Top of Dataset excerpt

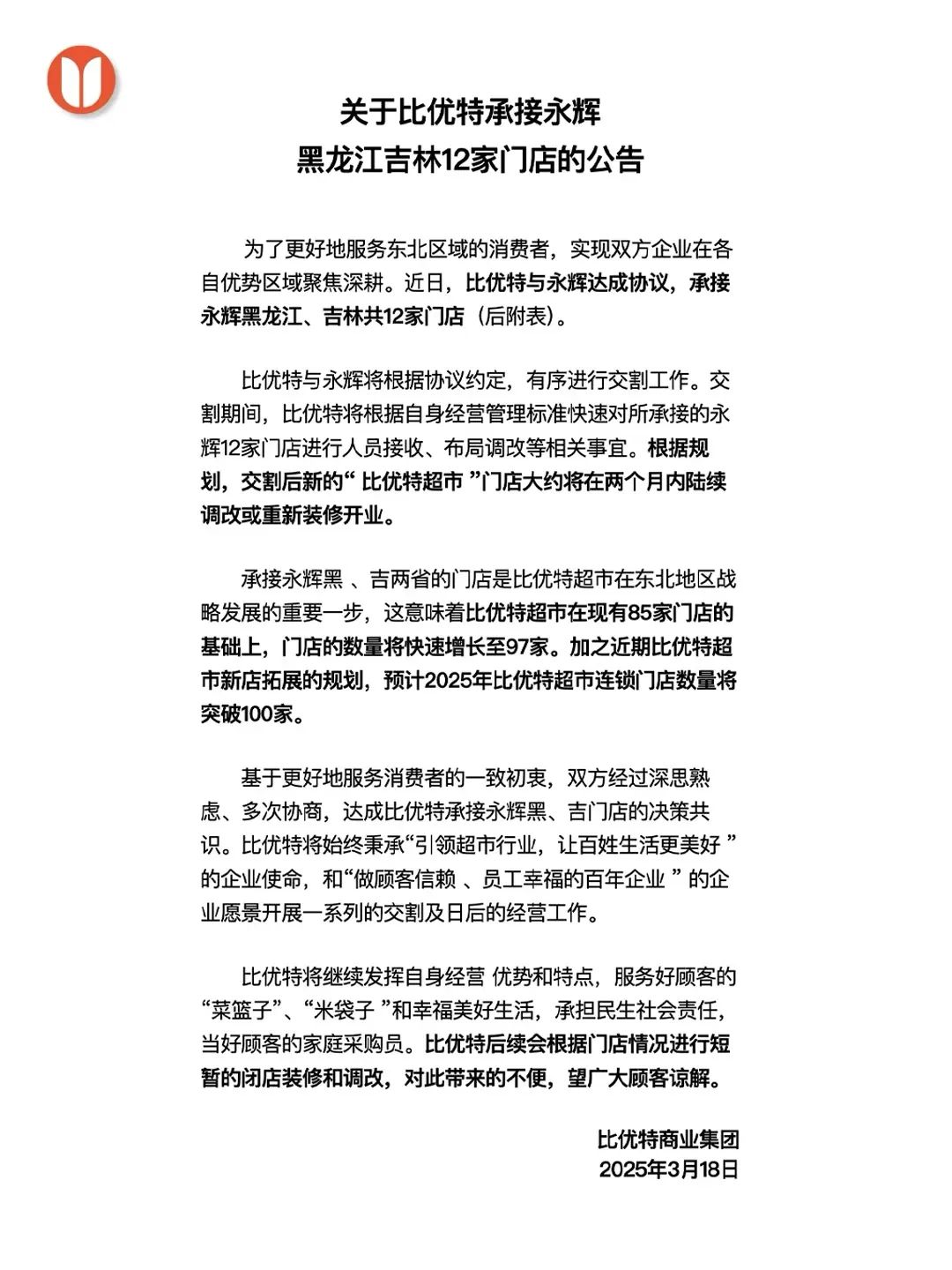 与此同时,黑龙江当地零售企业比优特也发布公告称,比优特与永辉达成协议,承接永辉黑龙江、吉林共12家门店。
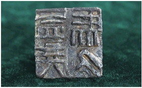 11月8日,记者在沂源县博物馆看到了这枚铁印。它长7.6厘米、宽7.4厘米、通高6.7厘米,上小下大、呈台状,上下两层均为覆斗形,通体锈蚀较重,印面刻有阳文“盖侯馬久”四字,也因此被称作“盖侯马久”铁印。
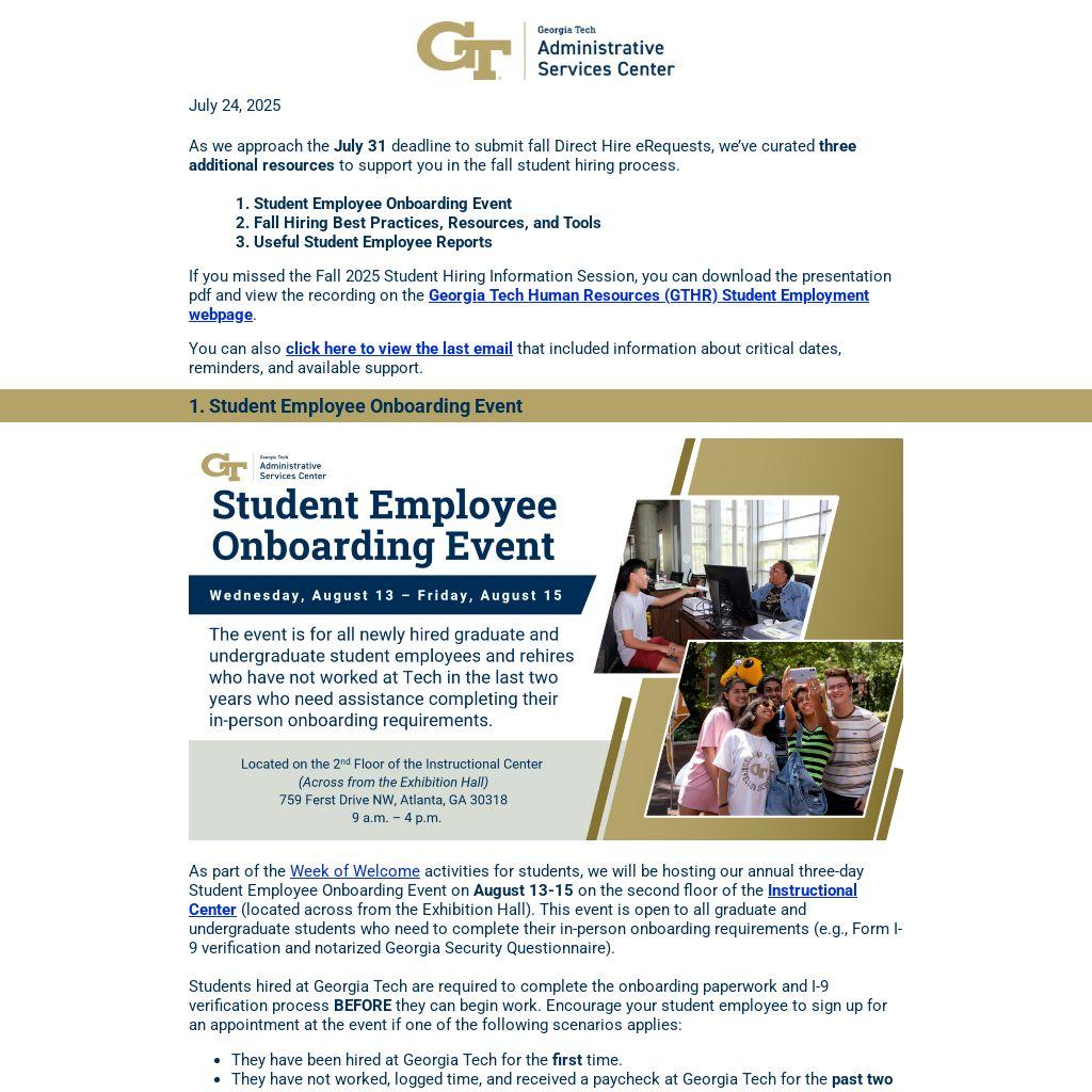 If you missed the Fall 2025 Student Hiring Information Session, you can download the presentation pdf and view the recording on the Georgia Tech Human Resources (GTHR) Student Employment webpage.

Bottom of Dataset excerpt

▸ Work instruction
Copy out the listing word for word and skip its pictures.

▸ Solved problem
 与此同时,黑龙江当地零售企业比优特也发布公告称,比优特与永辉达成协议,承接永辉黑龙江、吉林共12家门店。
 11月8日,记者在沂源县博物馆看到了这枚铁印。它长7.6厘米、宽7.4厘米、通高6.7厘米,上小下大、呈台状,上下两层均为覆斗形,通体锈蚀较重,印面刻有阳文“盖侯馬久”四字,也因此被称作“盖侯马久”铁印。
 If you missed the Fall 2025 Student Hiring Information Session, you can download the presentation pdf and view the recording on the Georgia Tech Human Resources (GTHR) Student Employment webpage.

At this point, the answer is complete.